The stuff people see.

The stuff people think is your brand!

The tip of the iceberg, if you will, and often their first touchpoint with your brand.

And the part that is really easy to get wrong.

The problem with photographer branding in 2020

Why I wrote this:

I wrote this so that there is an exhaustive resource that equips photographers with knowledge of the craft of design and how wide it is: i’ve seen photographers go through the process of rebranding, only to come out the other side unhappy, and not standing out from their competitors, and then wanting to change it two years later.

I’ve been that person myself, despite having a ten year career in design before my photography career, because I didn’t respect the craft of design in my own brand, and it’s cost me having a solid, consistent brand, for the entirety of my photography career!

And I’ve seen that understanding design, and building a wide vocabulary in design, can solve this problem, where woo and #manifesting is one of the biggest current distractions to the genre, and template shops are opening up left right and centre with the exact same, derivative designs and approaches to branding that are doing more harm than good to photographers, and the status of design as a craft.

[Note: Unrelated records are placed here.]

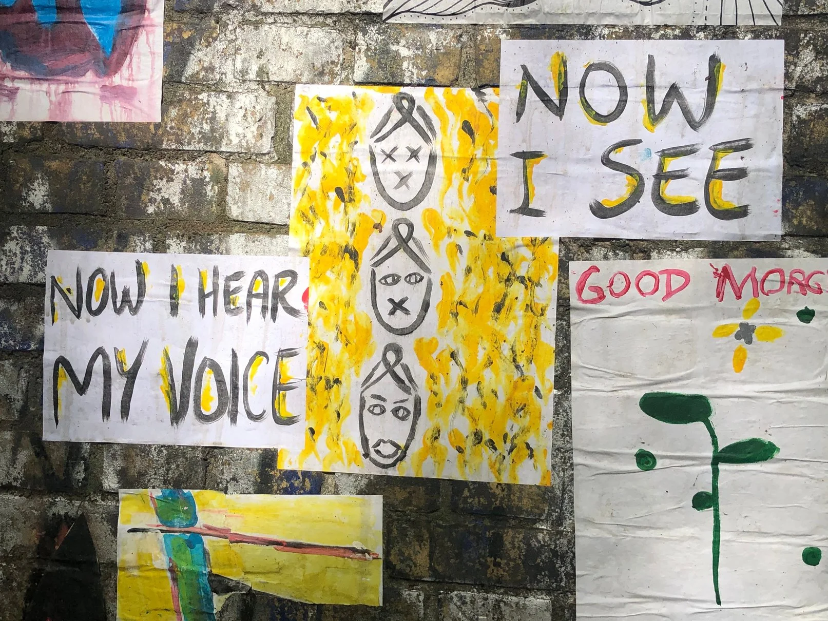 We invited participants to “cross the river” as a symbolic performative act to conquer their fears, and paste their work of self-expression on the wall adjoining the river. If they could not cross the river themselves, they were welcome to ask someone else to carry their artwork over and paste it for them.
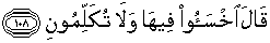 108. Allah berfirman: "Tinggallah dengan hina di dalamnya, dan janganlah kamu berbicara dengan Aku.
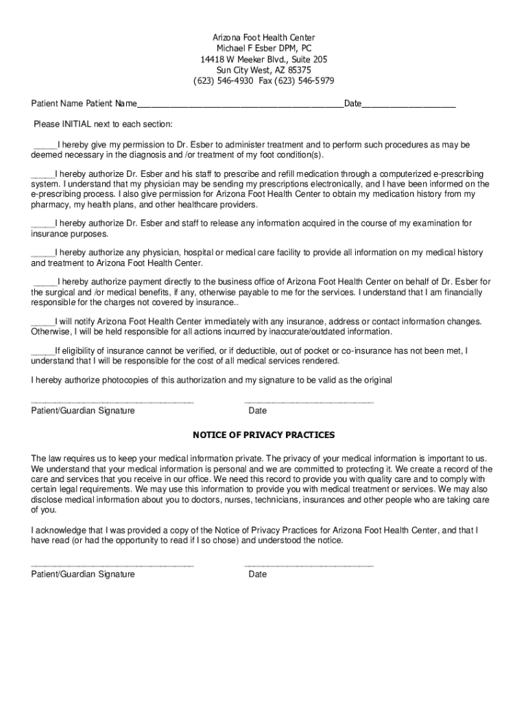 Arizona Foot Health Center Michael F Ester PM, PC 14418 W Meeker Blvd., Suite 205 Sun City West, AZ 85375 (623) 5464930 Fax (623) 5465979 Patient Name___Date___ Please INITIAL next to each section:
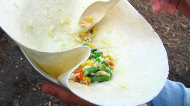 Połóż na talerzu cienką tortillę. Następnie umieść na niej twój posiłek. Po skończeniu jedzenia wystarczy przetrzeć talerz szmatką.

I wrote this also because of that moose-antler conundrum: a point in time where moose-antlers dominated photography branding around 2010-2015, and what followed, was the realisation that photographers had been taken advantage of by negligent design practice: design practice that didn’t protect them from their own inexperience, or do what design should do: pull out the unique brand that exists in every one of us.

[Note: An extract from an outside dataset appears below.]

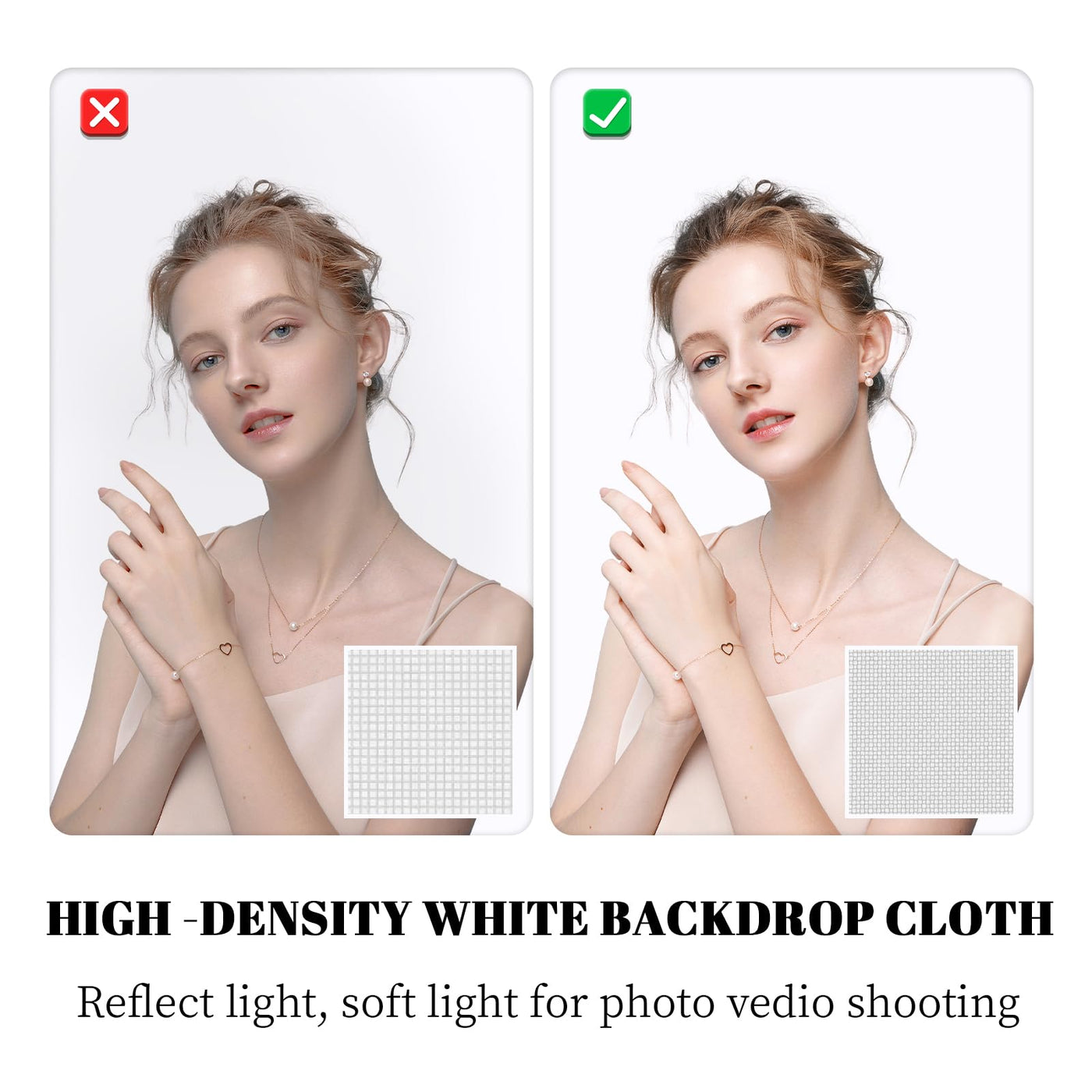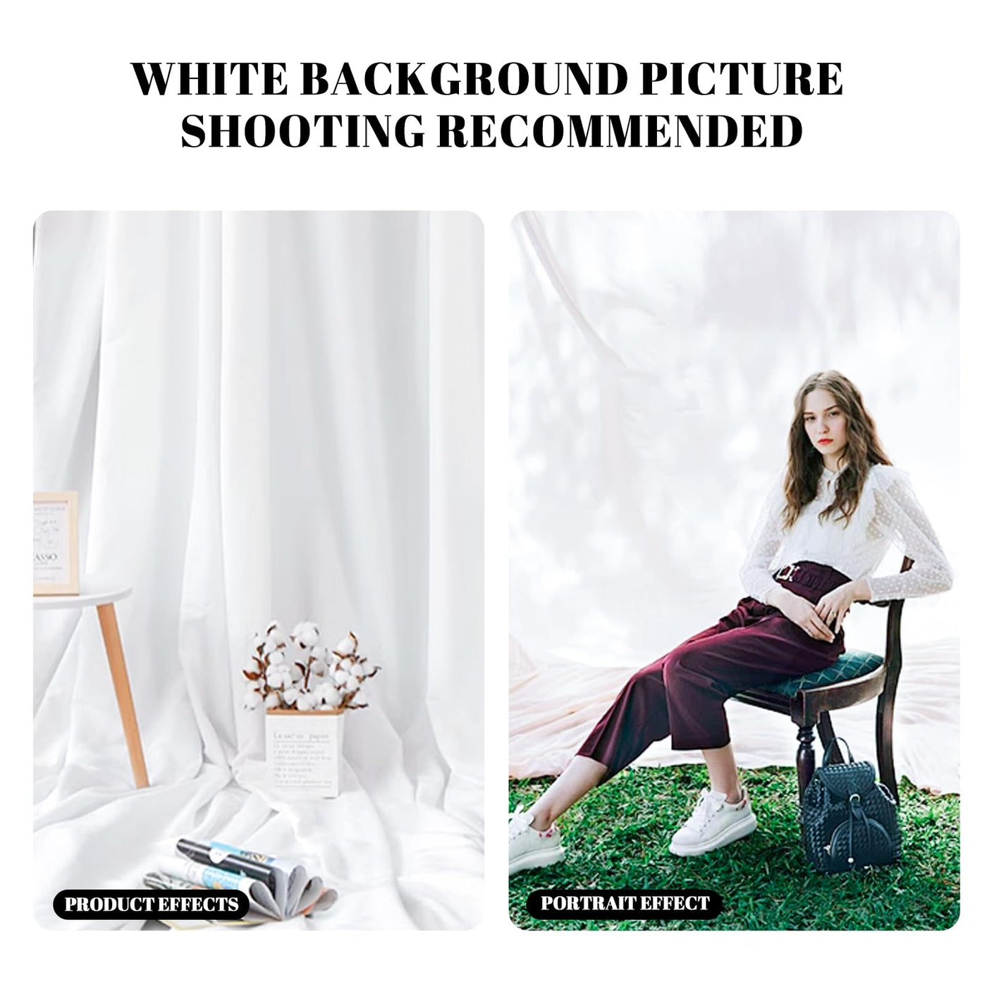 Q: What materials is the white backdrop made from?A: The backdrop is made from high-quality cloth material that is durable, lightweight, and can be used on both sides. It is also washable, ironable, and foldable.

Where were the damn turtles when we needed them?

There needs to be an exhaustive resource on how to navigate design, and how to interface with your new designer, so that you can develop and love your brand in a way that lasts: and I hope this is that resource for you.

Load yourself up with wine, weed or wonder (or all three).

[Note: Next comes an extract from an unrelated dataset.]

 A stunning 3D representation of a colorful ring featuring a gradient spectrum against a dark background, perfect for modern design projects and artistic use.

This is a highly detailed (or unnecessarily verbose – take your pick) article: firstly because I reject the trend of short-form soundbyte culture, but also because I believe that approaching your photography brand design should be a highly detailed, thoughtful process. I know first hand what it’s like to not respect it and just “bash it out” – and it looks like this: resenting your own brand, and changing it every 12-18 months.

In fact, as I write this, I am in the process of updating my own brand, properly, for the first time since I began photography, and about the 6th time in total within that period.

If you invest the time into learning a little about the branding industry, a little about the brand marketplace itself, I promise it will pay off in a brand that connects properly with your audience, is cohesive, and stands out from your market.

And that means trustworthy, and that means more conversions, and that means a better business for you.

The craft of branding design is as democratised as tools become available that allow everyone access. And as we’ve seen with photography, there’s a difference between having a 20megapixel phone camera, and having a deep, nuanced understanding of light.

Why listen to me?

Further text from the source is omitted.